Can You Sue Someone In Fifty Words Or Less?
Why Plaintiffs' Lawyers Ignore The Supreme Court's Instructions To Keep Complaints Brief

By BRIAN LEHMAN
Tuesday, Jun. 17, 2003

All lawsuits begin the same way: The plaintiff files a complaint in court. It may be the most important moment of the lawsuit, because if the complaint is not properly pled (legalese for "correctly written"), then the court will dismiss it. To avoid just that result, plaintiffs regularly file thirty-, forty-, and fifty-page complaints. Indeed, a hundred-, five hundred-, or even thousand-page complaint is now far from uncommon.

Last term, in Swierkiewicz v. Sorema N.A., the Supreme Court unanimously explained that lengthy complaints were unnecessary. Indeed, the Court even gave an example of a sufficient complaint: "On June 1, 1936, in a public highway called Boylston Street in Boston, Massachusetts, defendant negligently drove a motor vehicle against plaintiff who was then crossing said highway." That's it - twenty-eight words.

This raises two questions: Why does the Supreme Court dislike lengthy complaints so much? And why are plaintiffs ignoring the Court's model of keeping it short and simple?

From The Common Law, to the Field Codes, to the Federal Rules

Prior to the mid-nineteenth century, courts relied heavily on the parties' "pleadings" - that is, the oral answers and, later, legal papers that set forth their positions. It was believed that by forcing the parties through a maze of proceedings, the court could eventually carve a case down to a single issue on which the entire case would turn.

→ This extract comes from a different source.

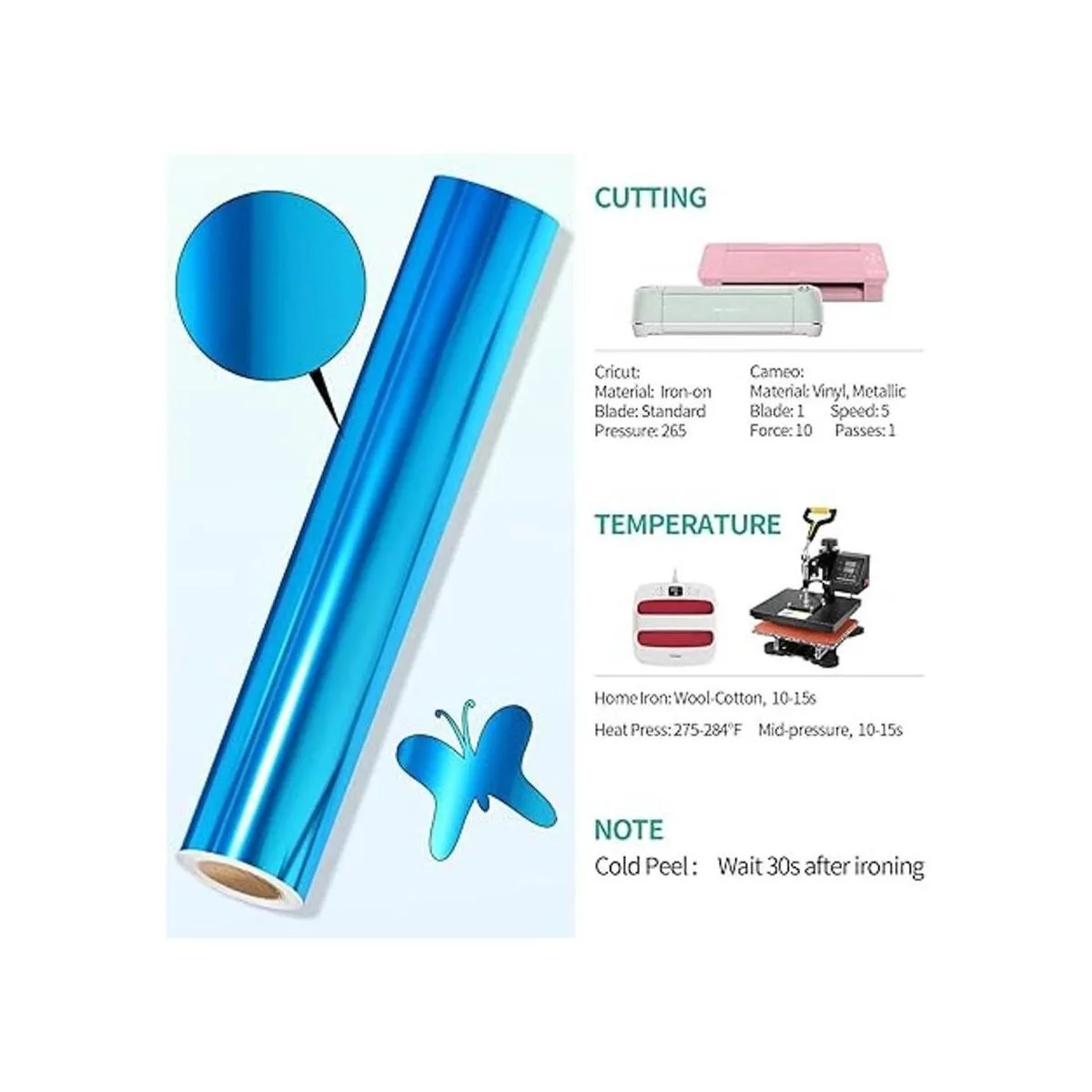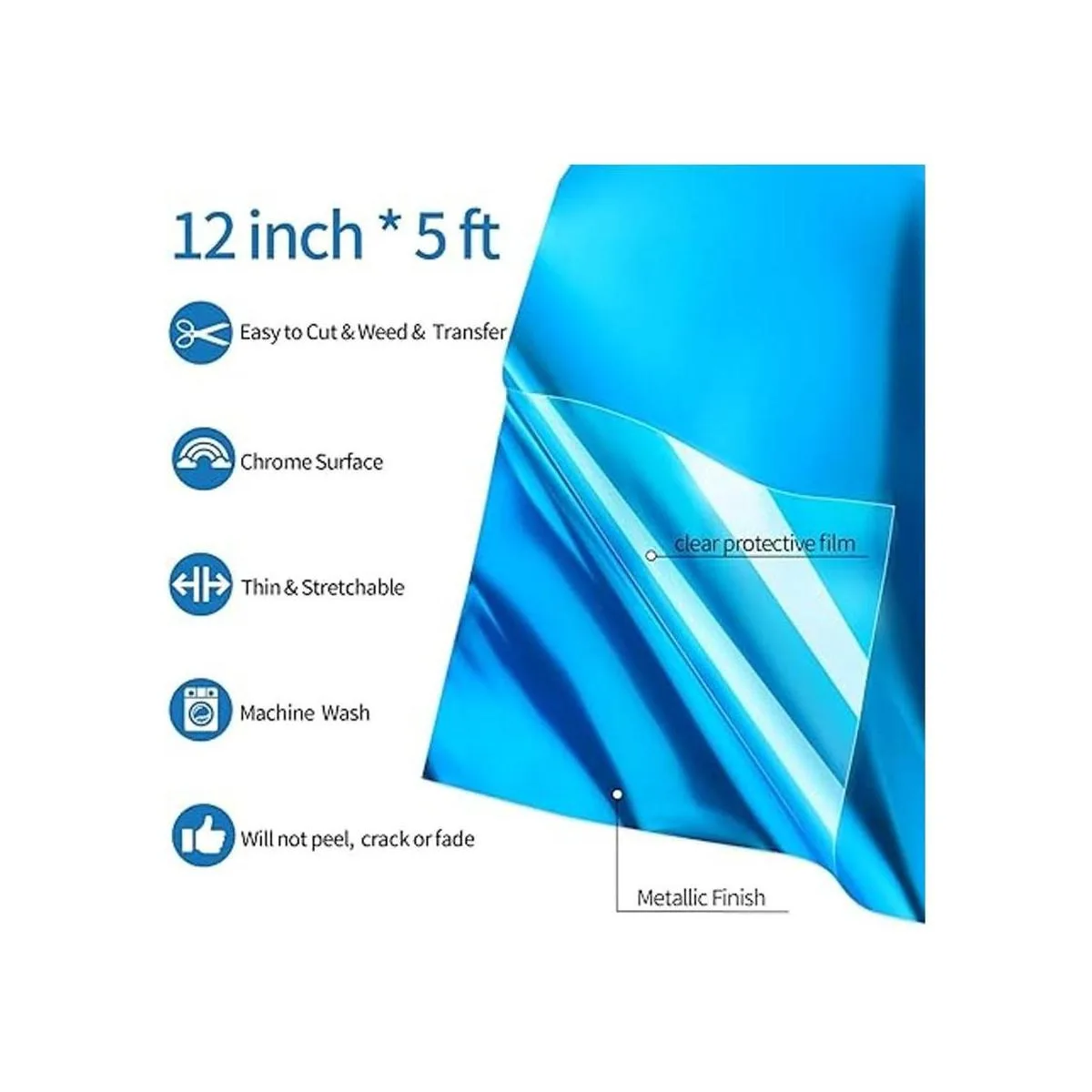 Rollo de vinilo HTV metálico de 12 x 5 pies, vinilo de transferencia de calor azul, vinilo cromado para planchar, fácil de cortar y desmalezar, diseño de prensa de calor para camisetas

Unfortunately, that didn't happen. Instead, courts and cases became mired in paper. Resolving the actual dispute between the plaintiff and defendant became slow and expensive. The advent of the pleading was, in the words of one scholar, "the glory of the technician and the shame of the lover of justice."

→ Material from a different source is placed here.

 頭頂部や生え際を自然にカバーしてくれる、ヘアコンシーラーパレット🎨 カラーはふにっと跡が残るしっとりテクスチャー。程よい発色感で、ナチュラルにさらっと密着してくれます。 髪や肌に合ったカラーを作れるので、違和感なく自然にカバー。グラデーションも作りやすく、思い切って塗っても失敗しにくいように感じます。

Widespread public dissatisfaction gave rise to a reform movement. In 1848, New York adopted a set of procedures drafted by David Dudley Field. Other states quickly followed suit.

Under these "Field Codes," the parties were only to develop facts - not arguments - through their pleadings. The New York Code, for example, required every complaint to include: "A statement of the facts constituting the cause of action, in ordinary and concise language, without repetition, and in such a manner as to enable a person of common understanding to know what is intended." At the same time, plaintiffs only had to plead "ultimate facts" (those necessary to establish a legal claim) - not evidence or legal conclusions

Courts issued conflicting opinions. Once again, plaintiffs and defendants fought "paper wars" with each other and whether a complaint survived turned on hyper-technicalities invented by the courts. Resolving disputes thus remained slow, expensive, and arbitrary.

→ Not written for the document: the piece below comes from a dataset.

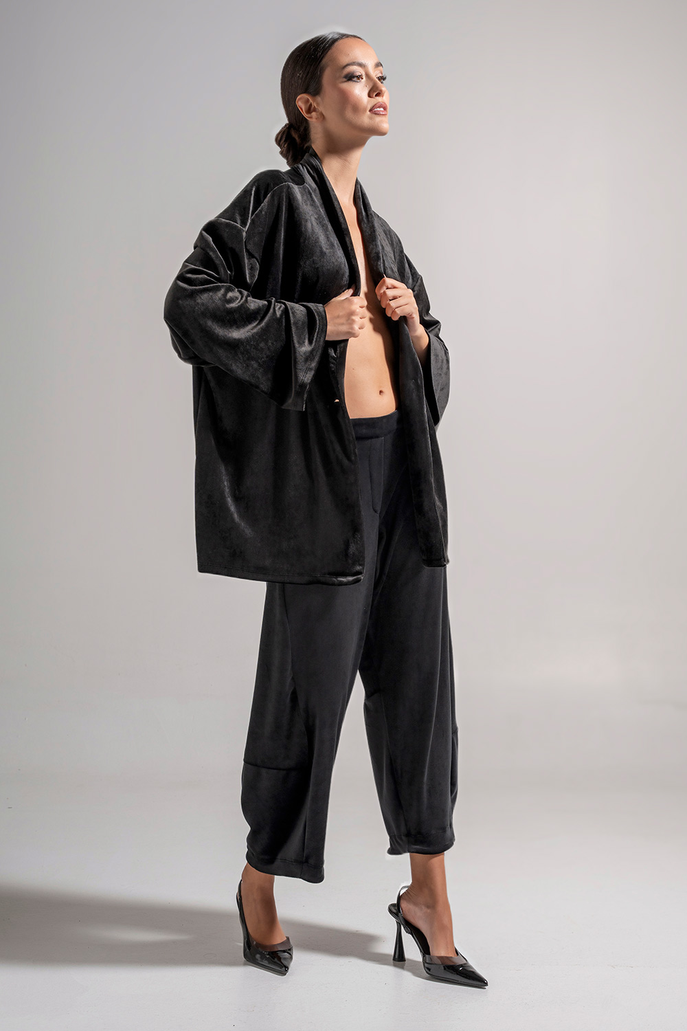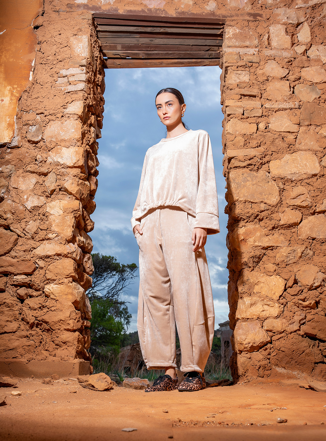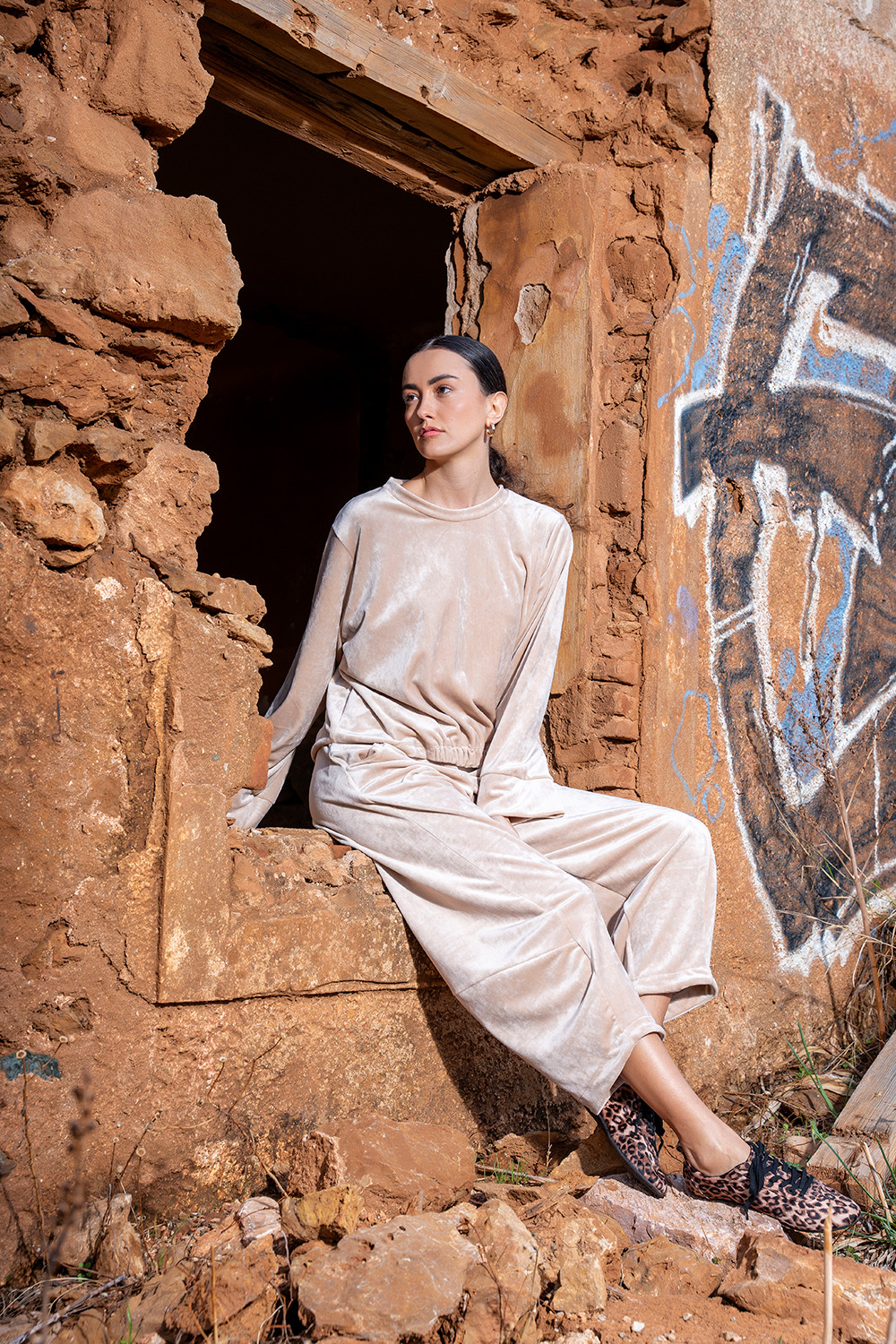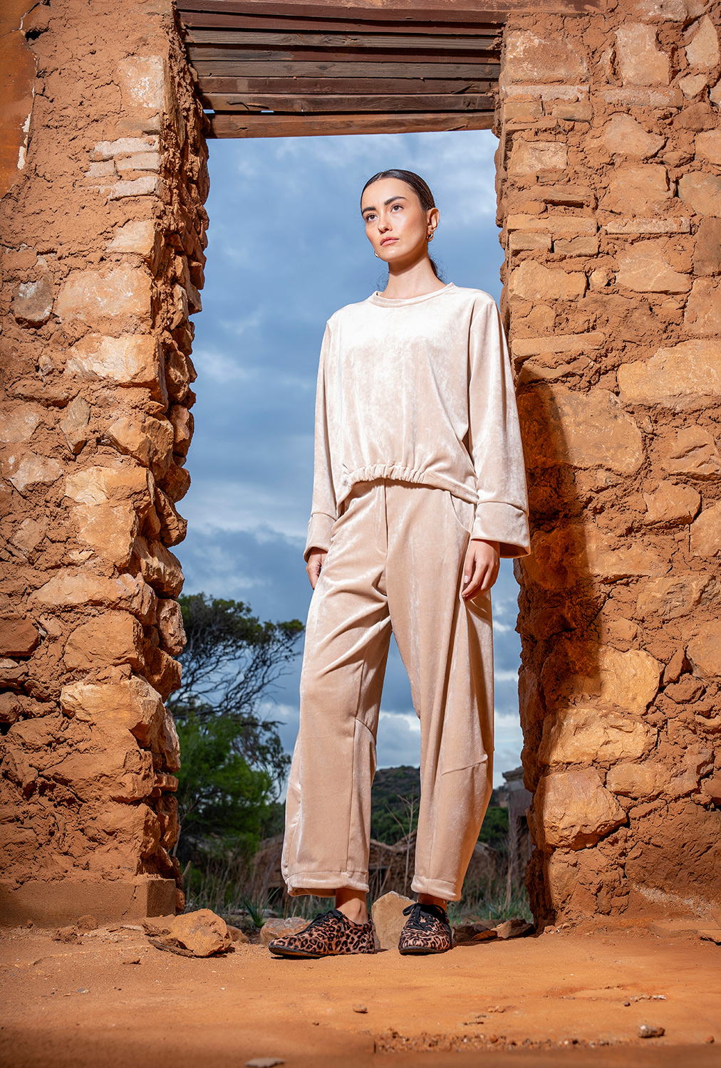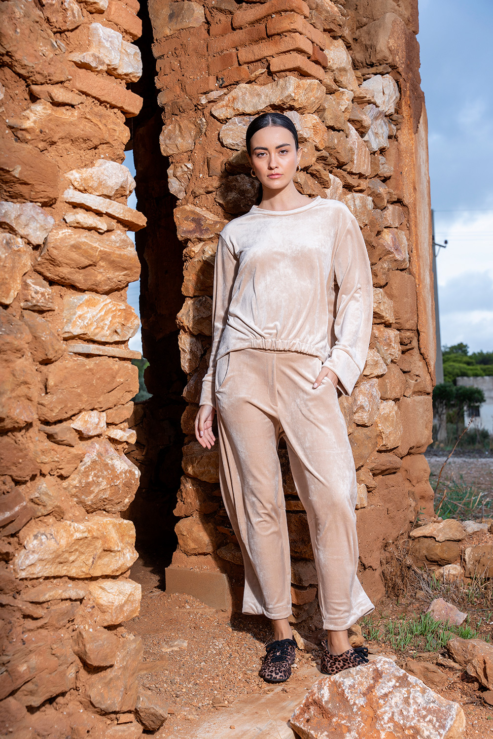 Αίσθηση πολυτέλειας με απαλή υφή: αυτό το σαλάβαρι από βελούδο αγκαλιάζει το σώμα χωρίς να σφίγγει — ιδανικό για να αναδείξεεις το στυλ σου σε κάθε περίσταση. Συνδύασέ το με ένα απλό τοπ για κομψότητα ή με πιο επίσημα στοιχεία για βραδινή εμφάνιση.
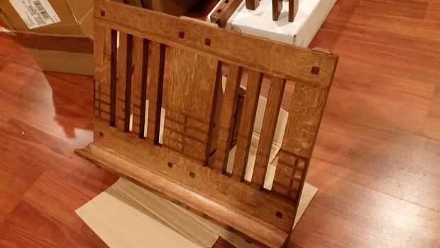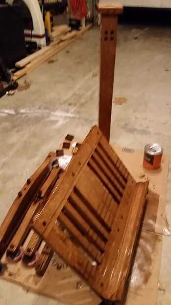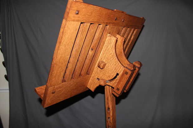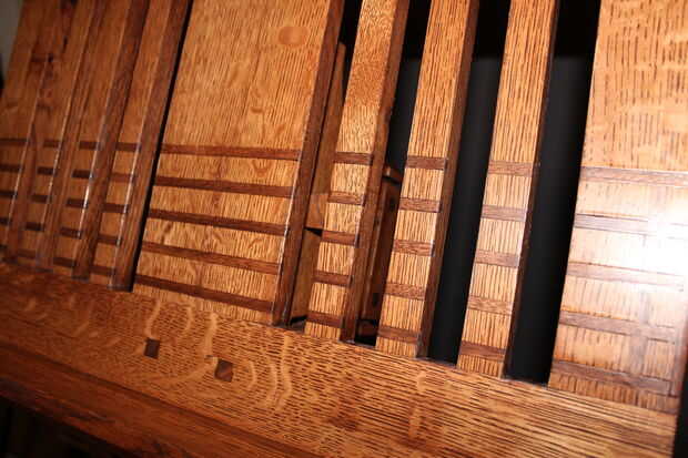 Hay multitud de opciones disponibles para la coloración y el acabado del soporte. Usé una mancha de gel de roble de la misión para dar todo el proyecto un marrón, incluso tono que mejora el contraste con la nuez. Una vez seca la mancha, hacia un barniz claro para completar el look. Para mantener la apariencia de la época, ir a un poliuretano satinado o semi-brillante. Aplique varias capas finas a todo el proyecto, lijar suavemente con lija de grano 600 o lana de acero 000 entre cada uno. Ver gotas o burbujas y corregirlos como aparecen. Al final, también puede Agregar una muy fina capa de cera para dar un bonito proyecto, incluso del resplandor.

Then, in 1938, the then-controversial Federal Rules of Civil Procedure were enacted. These rules still control procedure in federal court, and have been copied by a majority of the states.

The goal of the new system was clear. Rule 1 instructed courts to interpret the Rules so as "to secure the just, speedy, and inexpensive determination of every action." The drafters recognized that relying on pleadings was anathema to this goal, so pleadings were to be kept to a bare minimum.

Under Rule 8, a complaint was to be composed of "(1) a short and plain statement of the grounds upon which the court's jurisdiction depends, unless the court already has jurisdiction and the claim needs no new grounds of jurisdiction to support it, (2) a short and plain statement of the claim showing that the pleader is entitled to relief, and (3) a demand for judgment for the relief the pleader seeks."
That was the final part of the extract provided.